**Task directions:**
Write out exactly, and only, the lines below from the line with "高二语文答案--浙江四校(含" through the line with "- Flip Top Mirror"; pictures do not belong in the copy.
Data supplied START
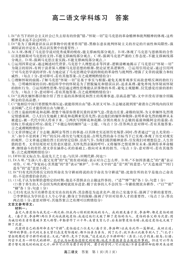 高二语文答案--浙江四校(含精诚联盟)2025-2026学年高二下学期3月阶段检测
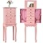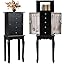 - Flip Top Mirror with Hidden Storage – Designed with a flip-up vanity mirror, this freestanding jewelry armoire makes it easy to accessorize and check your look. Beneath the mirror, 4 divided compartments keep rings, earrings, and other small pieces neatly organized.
Data supplied END
Data supplied START
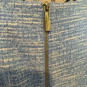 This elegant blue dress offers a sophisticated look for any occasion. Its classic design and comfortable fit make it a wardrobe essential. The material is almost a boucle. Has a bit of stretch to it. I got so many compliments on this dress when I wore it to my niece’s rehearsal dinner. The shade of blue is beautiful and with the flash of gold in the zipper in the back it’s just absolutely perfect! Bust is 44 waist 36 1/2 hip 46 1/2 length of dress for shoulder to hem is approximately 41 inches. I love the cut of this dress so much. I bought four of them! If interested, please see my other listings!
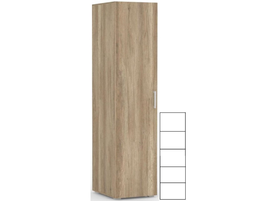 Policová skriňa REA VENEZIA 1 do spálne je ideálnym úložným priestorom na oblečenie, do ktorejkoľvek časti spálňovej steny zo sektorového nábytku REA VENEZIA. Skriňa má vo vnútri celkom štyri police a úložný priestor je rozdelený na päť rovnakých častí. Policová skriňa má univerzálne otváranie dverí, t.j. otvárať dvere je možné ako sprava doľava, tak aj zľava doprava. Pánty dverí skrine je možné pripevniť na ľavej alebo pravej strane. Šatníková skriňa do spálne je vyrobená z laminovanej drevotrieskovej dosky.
Data supplied END
**The completed task:**
 高二语文答案--浙江四校(含精诚联盟)2025-2026学年高二下学期3月阶段检测
 - Flip Top Mirror with Hidden Storage – Designed with a flip-up vanity mirror, this freestanding jewelry armoire makes it easy to accessorize and check your look. Beneath the mirror, 4 divided compartments keep rings, earrings, and other small pieces neatly organized.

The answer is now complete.